__Supplied data__
☆ ☆ ☆ ☆

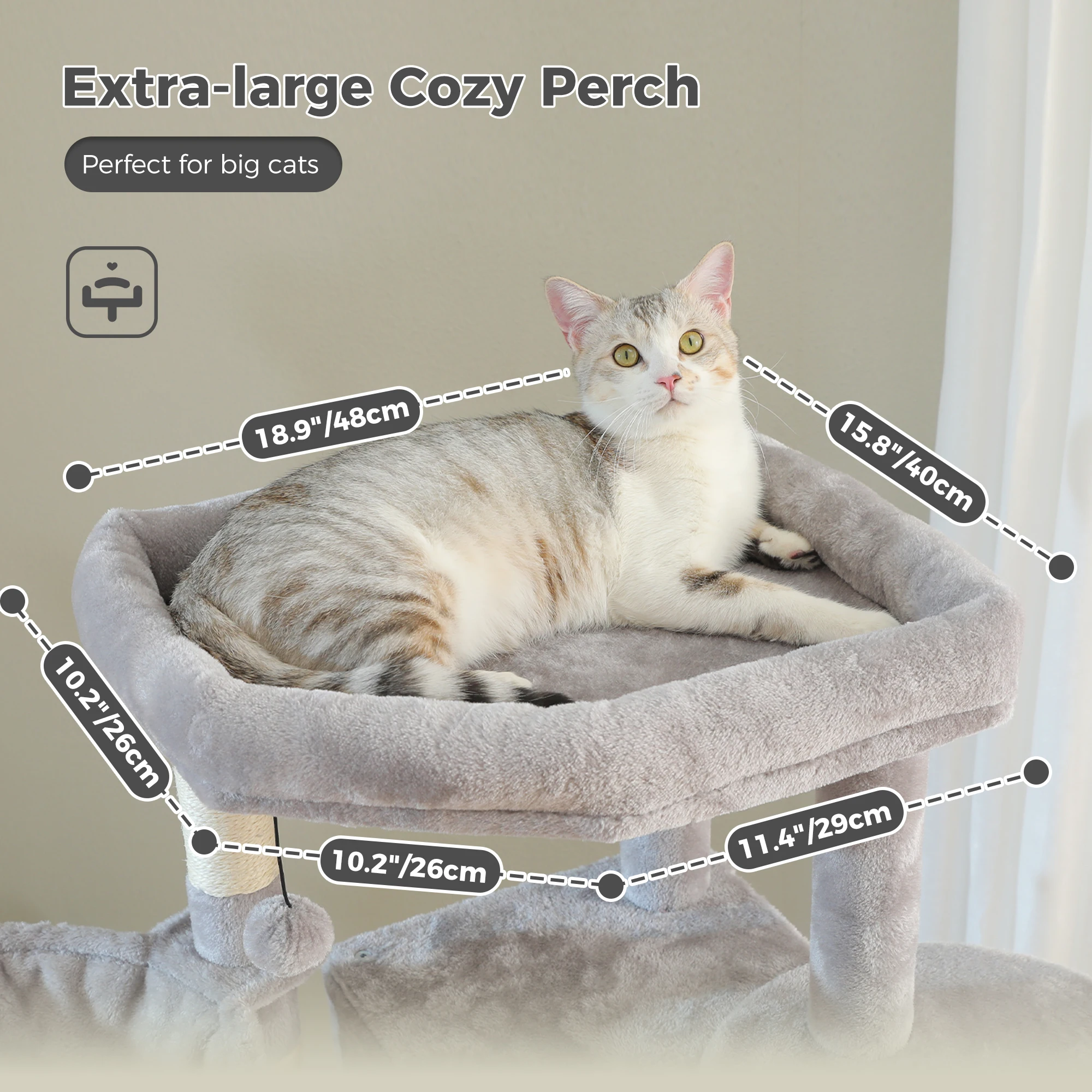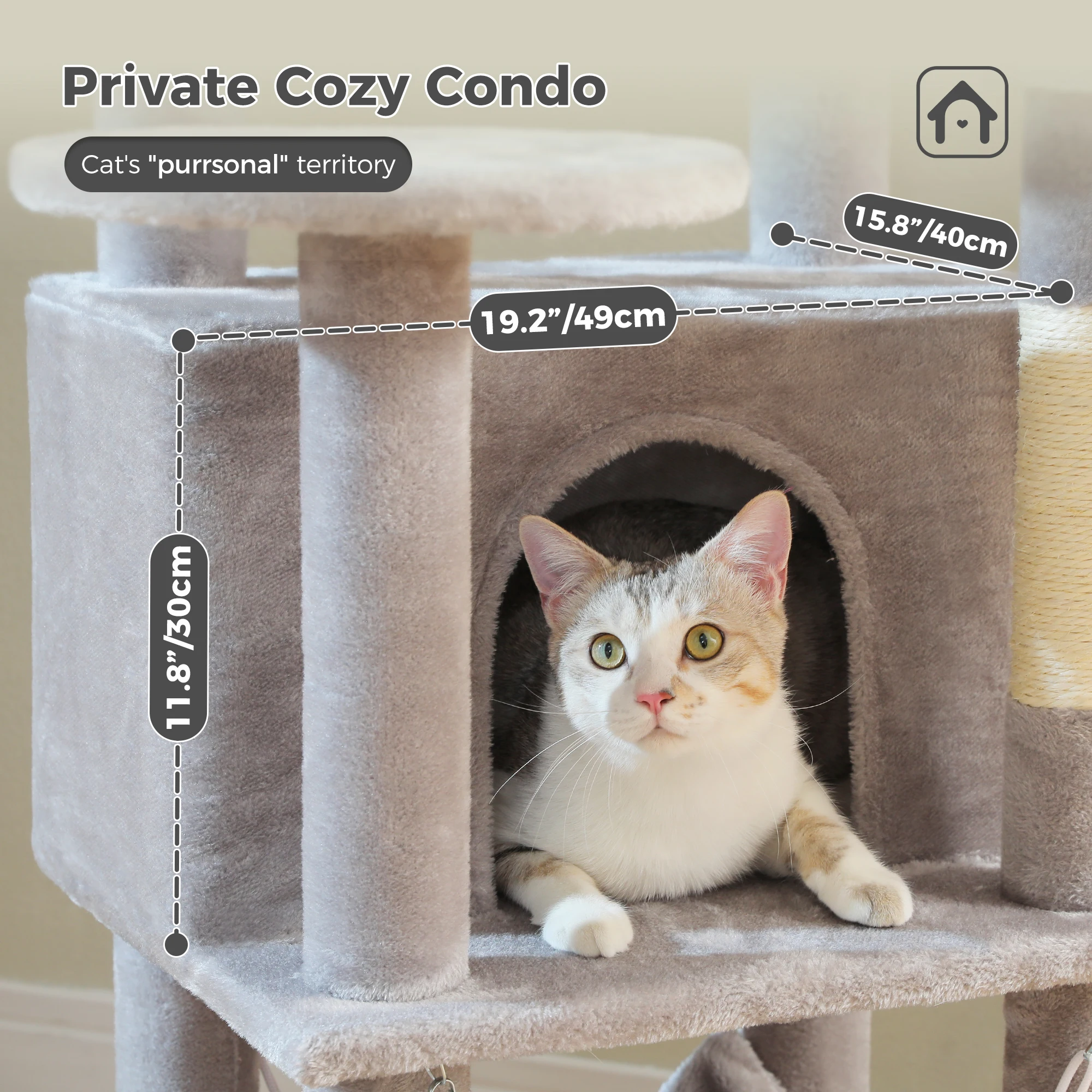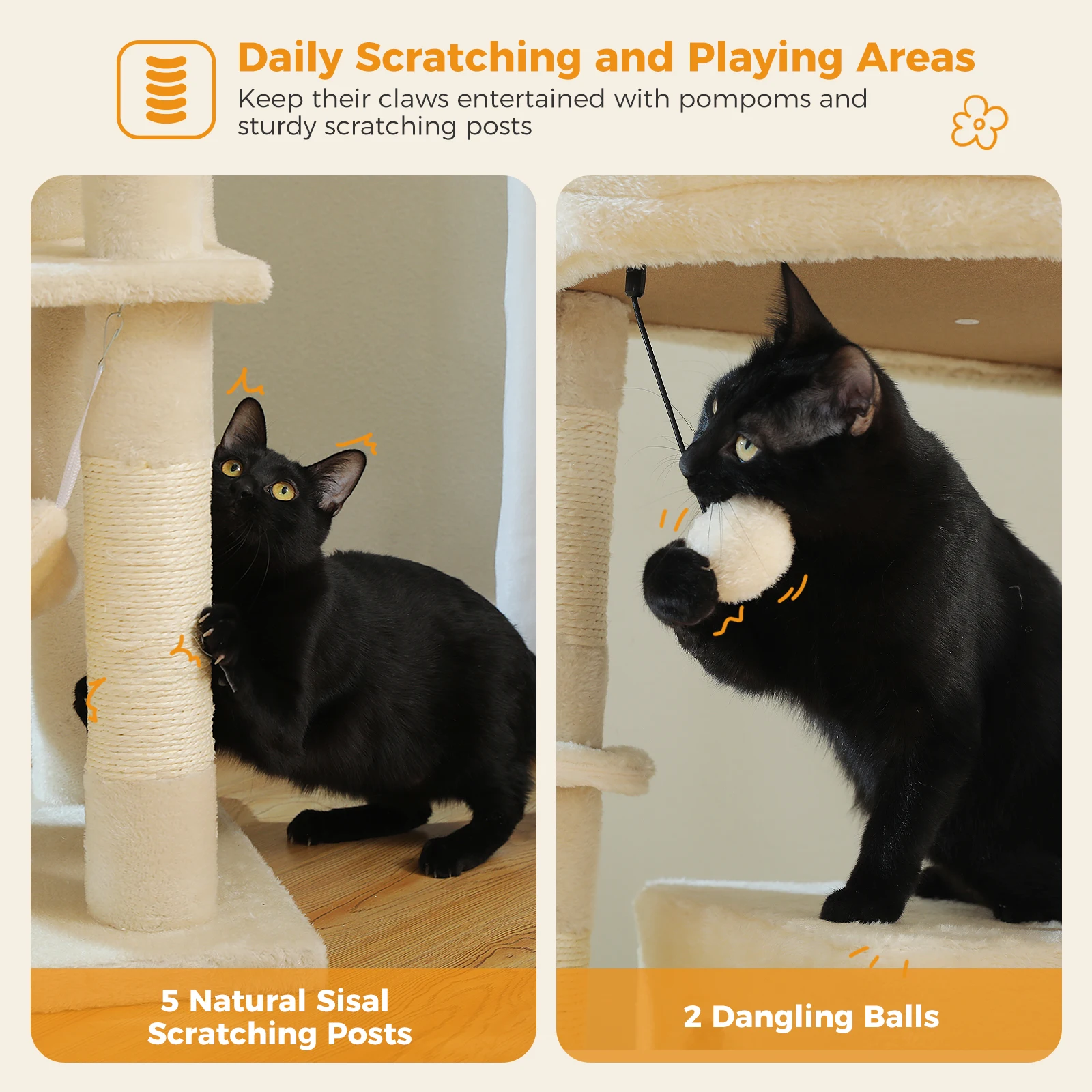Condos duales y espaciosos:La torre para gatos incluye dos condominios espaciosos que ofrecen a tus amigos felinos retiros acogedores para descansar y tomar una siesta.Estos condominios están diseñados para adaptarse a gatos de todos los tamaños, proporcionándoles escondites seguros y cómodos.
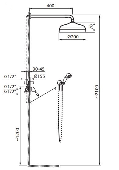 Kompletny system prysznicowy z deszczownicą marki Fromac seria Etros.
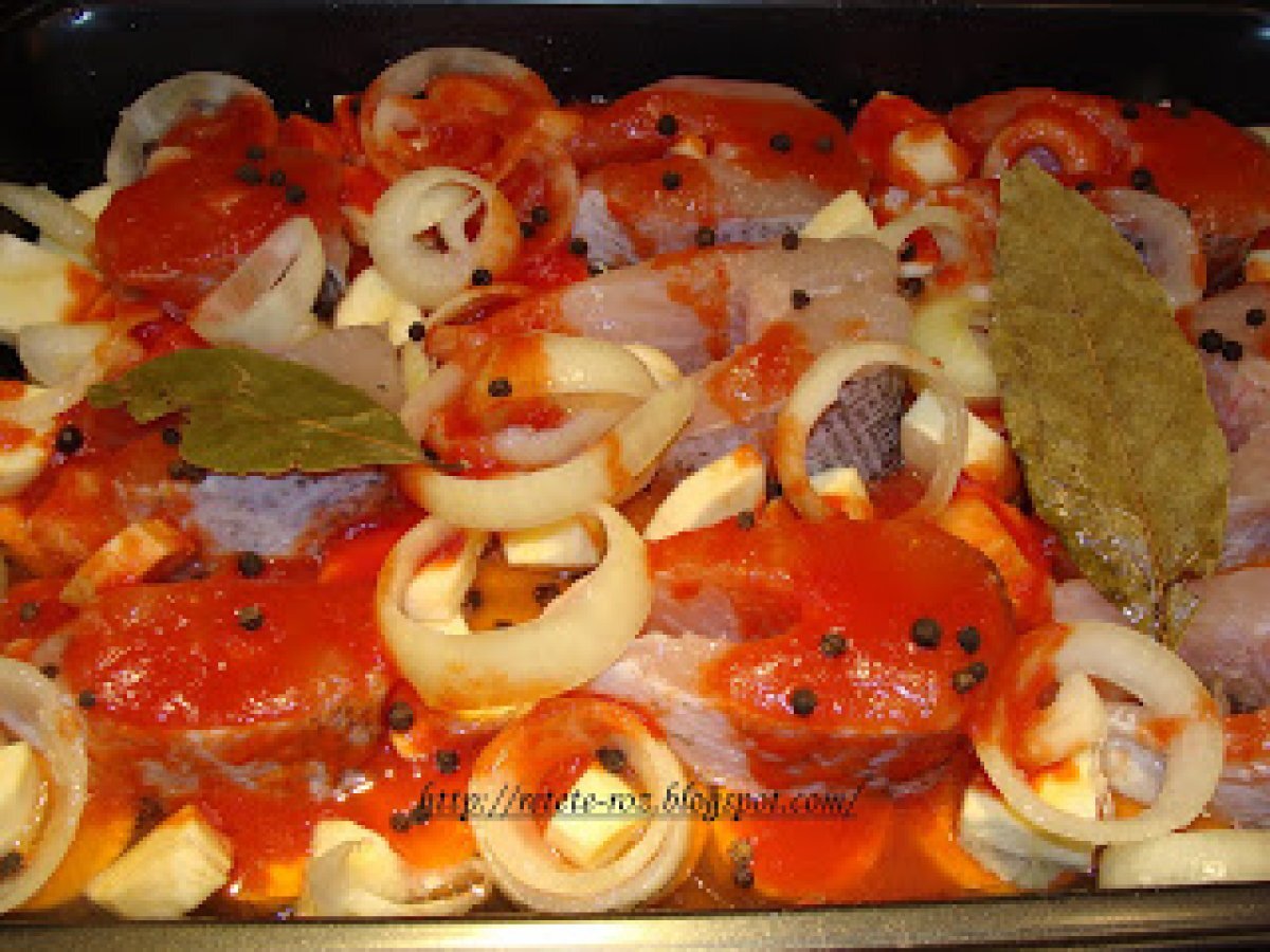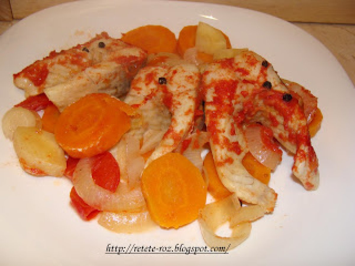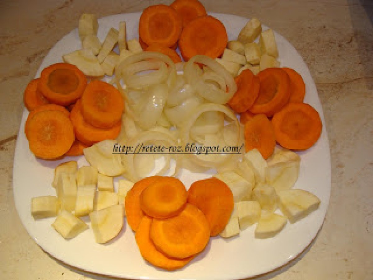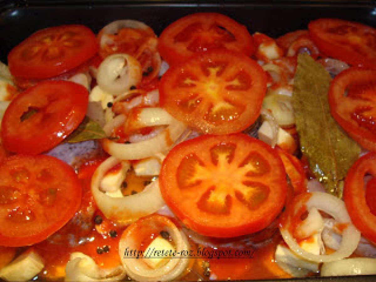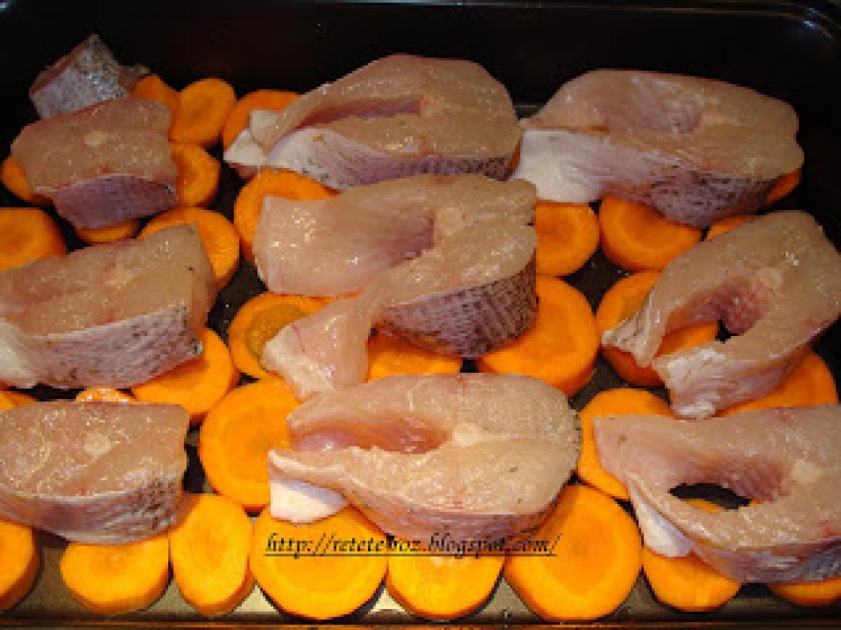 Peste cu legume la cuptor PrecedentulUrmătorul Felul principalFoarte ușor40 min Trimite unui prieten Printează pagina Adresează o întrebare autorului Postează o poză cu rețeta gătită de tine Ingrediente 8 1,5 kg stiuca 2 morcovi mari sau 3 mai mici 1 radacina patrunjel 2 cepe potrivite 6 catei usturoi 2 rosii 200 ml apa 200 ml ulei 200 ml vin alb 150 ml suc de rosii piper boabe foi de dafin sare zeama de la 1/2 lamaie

☆ ☆ ☆ ☆

__What to work on__
With images omitted, output the data exactly as given.

__Answer to this exercise__
Condos duales y espaciosos:La torre para gatos incluye dos condominios espaciosos que ofrecen a tus amigos felinos retiros acogedores para descansar y tomar una siesta.Estos condominios están diseñados para adaptarse a gatos de todos los tamaños, proporcionándoles escondites seguros y cómodos.
 Kompletny system prysznicowy z deszczownicą marki Fromac seria Etros.
 Peste cu legume la cuptor PrecedentulUrmătorul Felul principalFoarte ușor40 min Trimite unui prieten Printează pagina Adresează o întrebare autorului Postează o poză cu rețeta gătită de tine Ingrediente 8 1,5 kg stiuca 2 morcovi mari sau 3 mai mici 1 radacina patrunjel 2 cepe potrivite 6 catei usturoi 2 rosii 200 ml apa 200 ml ulei 200 ml vin alb 150 ml suc de rosii piper boabe foi de dafin sare zeama de la 1/2 lamaie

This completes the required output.